(Beginning of Records for this exercise)

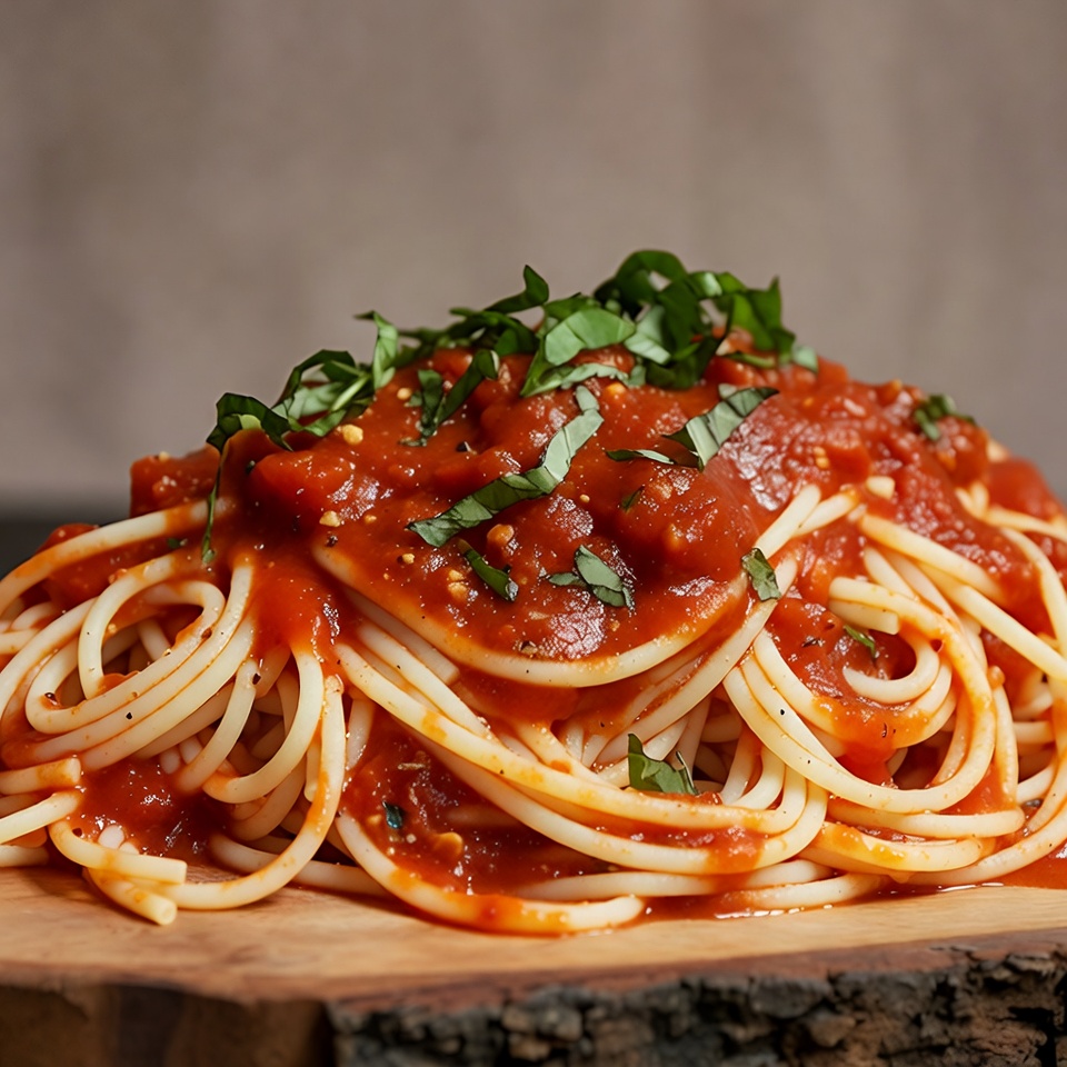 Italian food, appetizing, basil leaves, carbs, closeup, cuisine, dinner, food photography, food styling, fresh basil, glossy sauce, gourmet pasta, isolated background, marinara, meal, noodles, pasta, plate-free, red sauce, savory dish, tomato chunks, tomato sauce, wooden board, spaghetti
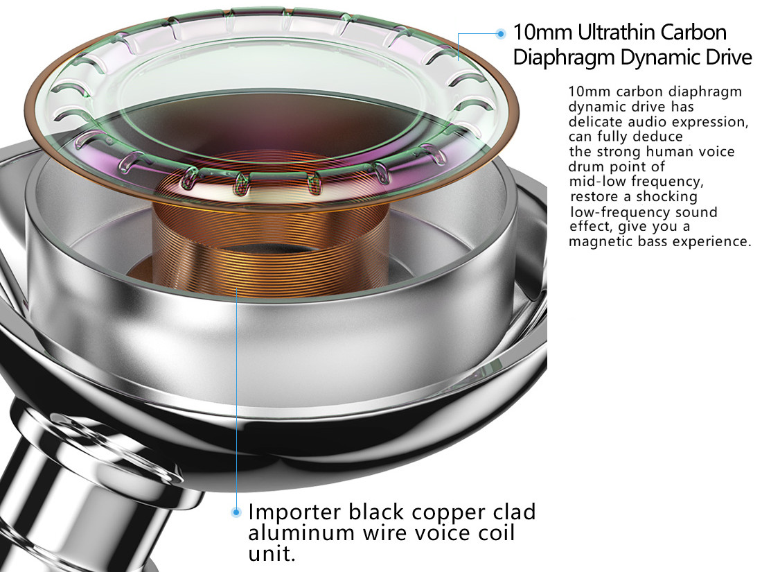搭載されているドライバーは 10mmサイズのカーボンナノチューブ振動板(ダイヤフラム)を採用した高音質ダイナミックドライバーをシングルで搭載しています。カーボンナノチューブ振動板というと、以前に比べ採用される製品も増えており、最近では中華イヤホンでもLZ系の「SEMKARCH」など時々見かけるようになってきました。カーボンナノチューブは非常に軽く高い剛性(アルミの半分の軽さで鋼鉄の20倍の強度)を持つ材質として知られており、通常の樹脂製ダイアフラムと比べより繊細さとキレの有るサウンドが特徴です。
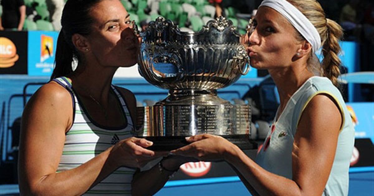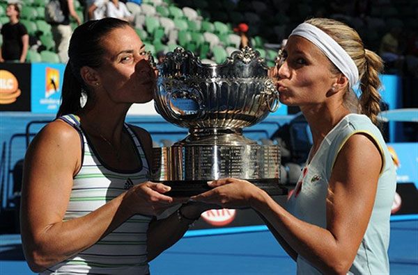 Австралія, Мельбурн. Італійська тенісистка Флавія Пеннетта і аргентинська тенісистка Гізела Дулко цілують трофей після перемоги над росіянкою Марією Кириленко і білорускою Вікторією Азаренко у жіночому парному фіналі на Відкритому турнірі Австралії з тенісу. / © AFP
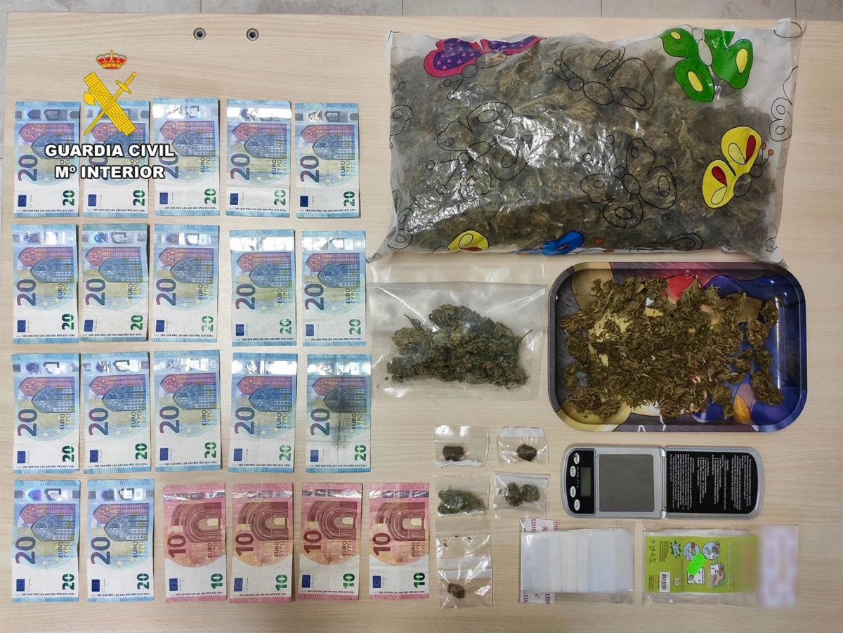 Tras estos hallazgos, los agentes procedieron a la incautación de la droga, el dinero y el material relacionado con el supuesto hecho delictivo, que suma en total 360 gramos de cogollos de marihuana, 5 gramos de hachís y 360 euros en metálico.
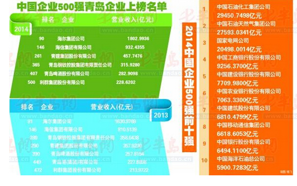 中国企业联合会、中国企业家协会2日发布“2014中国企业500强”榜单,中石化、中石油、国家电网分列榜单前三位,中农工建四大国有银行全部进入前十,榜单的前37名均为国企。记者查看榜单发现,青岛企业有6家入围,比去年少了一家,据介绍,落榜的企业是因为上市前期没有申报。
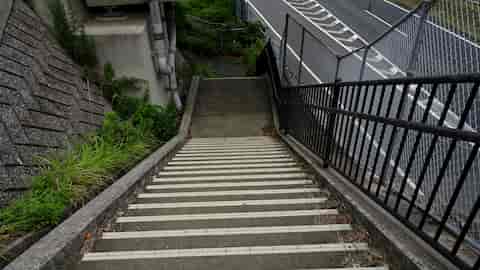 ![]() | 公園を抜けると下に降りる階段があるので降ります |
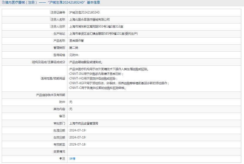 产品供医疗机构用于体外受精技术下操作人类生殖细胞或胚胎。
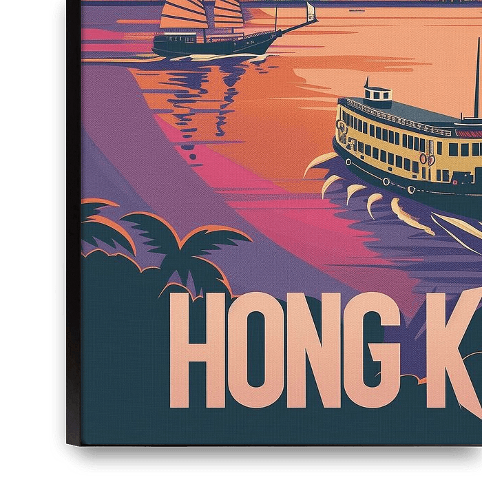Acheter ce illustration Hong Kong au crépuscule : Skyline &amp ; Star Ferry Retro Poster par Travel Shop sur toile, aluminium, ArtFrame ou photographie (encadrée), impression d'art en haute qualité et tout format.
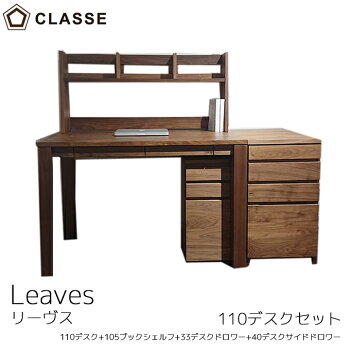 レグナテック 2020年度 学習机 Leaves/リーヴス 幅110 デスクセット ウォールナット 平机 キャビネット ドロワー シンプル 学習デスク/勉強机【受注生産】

(End of Records for this exercise)

- Problem requirements -
Nothing but the pictures should be left out when the material above is copied.

- Solved exercise -
 Italian food, appetizing, basil leaves, carbs, closeup, cuisine, dinner, food photography, food styling, fresh basil, glossy sauce, gourmet pasta, isolated background, marinara, meal, noodles, pasta, plate-free, red sauce, savory dish, tomato chunks, tomato sauce, wooden board, spaghetti
搭載されているドライバーは 10mmサイズのカーボンナノチューブ振動板(ダイヤフラム)を採用した高音質ダイナミックドライバーをシングルで搭載しています。カーボンナノチューブ振動板というと、以前に比べ採用される製品も増えており、最近では中華イヤホンでもLZ系の「SEMKARCH」など時々見かけるようになってきました。カーボンナノチューブは非常に軽く高い剛性(アルミの半分の軽さで鋼鉄の20倍の強度)を持つ材質として知られており、通常の樹脂製ダイアフラムと比べより繊細さとキレの有るサウンドが特徴です。
 Австралія, Мельбурн. Італійська тенісистка Флавія Пеннетта і аргентинська тенісистка Гізела Дулко цілують трофей після перемоги над росіянкою Марією Кириленко і білорускою Вікторією Азаренко у жіночому парному фіналі на Відкритому турнірі Австралії з тенісу. / © AFP
 Tras estos hallazgos, los agentes procedieron a la incautación de la droga, el dinero y el material relacionado con el supuesto hecho delictivo, que suma en total 360 gramos de cogollos de marihuana, 5 gramos de hachís y 360 euros en metálico.
 中国企业联合会、中国企业家协会2日发布“2014中国企业500强”榜单,中石化、中石油、国家电网分列榜单前三位,中农工建四大国有银行全部进入前十,榜单的前37名均为国企。记者查看榜单发现,青岛企业有6家入围,比去年少了一家,据介绍,落榜的企业是因为上市前期没有申报。
 ![]() | 公園を抜けると下に降りる階段があるので降ります |
 产品供医疗机构用于体外受精技术下操作人类生殖细胞或胚胎。
Acheter ce illustration Hong Kong au crépuscule : Skyline &amp ; Star Ferry Retro Poster par Travel Shop sur toile, aluminium, ArtFrame ou photographie (encadrée), impression d'art en haute qualité et tout format.
 レグナテック 2020年度 学習机 Leaves/リーヴス 幅110 デスクセット ウォールナット 平机 キャビネット ドロワー シンプル 学習デスク/勉強机【受注生産】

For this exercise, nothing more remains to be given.